I have Patrick!” This recurring line from the film The Devil Wears Prada is not so much spoken as triumphantly proclaimed by a frazzled, phone-wielding assistant to Miranda Priestly (Meryl Streep in the titular role of a barely veiled Anna Wintour). It is a signal of competence and skill in the high-stakes world of high fashion, and no last name is necessary, because everyone knows which Patrick is on the line: It’s Patrick Demarchelier.
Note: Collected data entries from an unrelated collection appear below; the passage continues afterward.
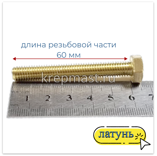 Болт 8х60 DIN 933 латунь в интернет-магазине «Мастер Крепежа» по цене 350 руб. Более 26 наименований товаров в наличии в категории Болты латунные DIN 933. Купить болт 8х60 din 933 латунь в Йошкар-Оле выгодно Вы можете on-line на нашем сайте, или отправив заявку по почте, а также по телефону или в пункте выдачи компании г. Казань, ул. Татарстан, 9, магазин "Мастер Крепежа". Доставка по Республике Татарстан и другие регионы РФ.
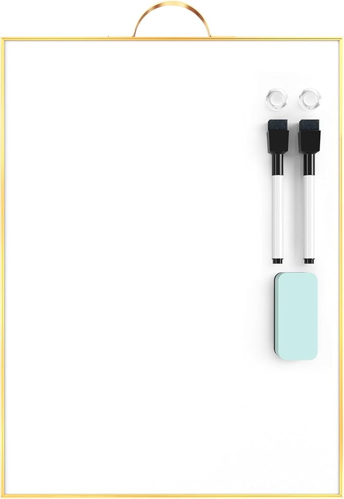 TSJ OFFICE Small White Board - 16" X 12" Portable Gold Aluminum Framed Whiteboard, Magnetic Dry Erase Board with a Handle, to Do List Notepad for Office, Home, School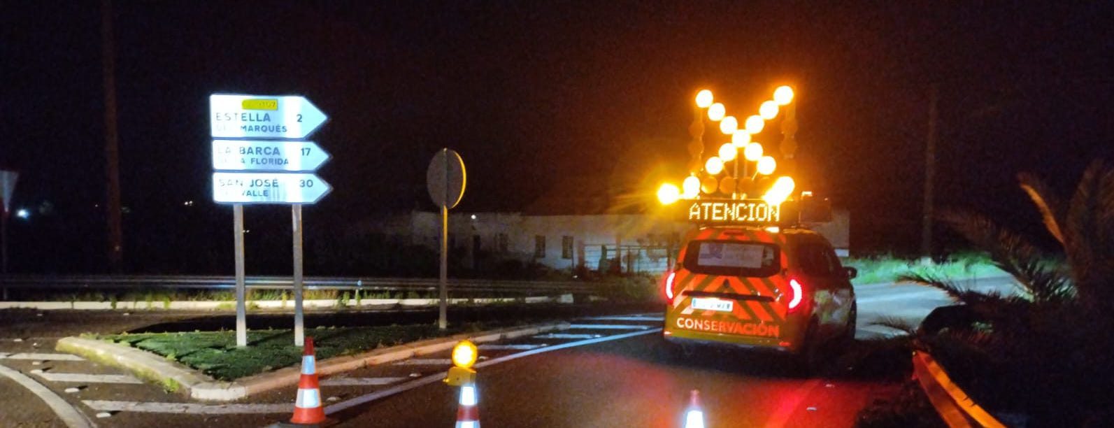 Este trabajo se ha prodigado en más de diez vías: en primera instancia señalizando los tramos que debían cortarse al tráfico, al no poder garantizarse unas óptimas condiciones de seguridad vial; tras la retirada de las aguas, procedentes del arroyo Salado en la mayoría de los casos, los operarios se han afanado en la retirada de barro, sedimentos e incluso árboles desprendidos además de proceder a la limpieza de las calzadas. Con las plataformas expeditas se han reabierto varias carreteras, si bien indicando mediante señales las condiciones de la circulación y las limitaciones de velocidad.

The renowned photographer’s work is the subject of an exhibition opening February 8 at Staley-Wise Gallery, in New York. “What’s so interesting about the work of Patrick Demarchelier is how people respond to it,” says Etheleen Staley, cofounder of the gallery. “They really go for it. There’s something very attractive. It’s clean. It’s modern. It’s of the moment. It’s immensely clever and well composed.”

Spanning 25 years of Demarchelier’s career, from 1992 to 2017, the show brings editorial and commercial fashion photographs commissioned by the likes of Vogue and Dior together with portraits of celebrities (Princess Diana, Leonardo DiCaprio), supermodels (Kate Moss, Karlie Kloss), star athletes (Usain Bolt, Stephen Curry) and an especially handsome lion (Demarchelier is a lover of animals and Africa).

“His pictures are hard to categorize,” Staley says. “They all have a certain glamour to them, but they’re not just one kind of photograph. He photographs in different styles.”

Rare in a top photographer, versatility is among Demarchelier’s defining qualities. “He can happily fit into any situation,” says the legendary stylist and creative director Grace Coddington, who has worked with him since the late 1970s. “He can shoot indoors or out, with a model or an actress, and he never fails to produce a gorgeous photograph.”

Joan Smalls and Steph Curry, California, Vogue, 2016. All photos in this slideshow courtesy Staley-Wise Gallery, New York / © Condé Nast unless otherwise noted

Left: Grace Hartzel, Stay Golden, Vogue, 2016. Right: Karlie Kloss, Natural High, Sweden, Vogue, 2014.

Karlie Kloss, Natural High, Sweden, Vogue, 2014.

Left: Kate Moss, Harper’s Bazaar, 1998. Courtesy Staley-Wise Gallery, New York. Right: Gigi and Lily, New York, Vogue, 2016.

Imaan Hammam, Desert Calm, Tierra Atacama, Vogue, 2015.

Karlie Kloss, Dressed Up Face, New York, Vogue, 2009.

Left: Princess Diana, 1995. Right: Leonardo DiCaprio, 1999.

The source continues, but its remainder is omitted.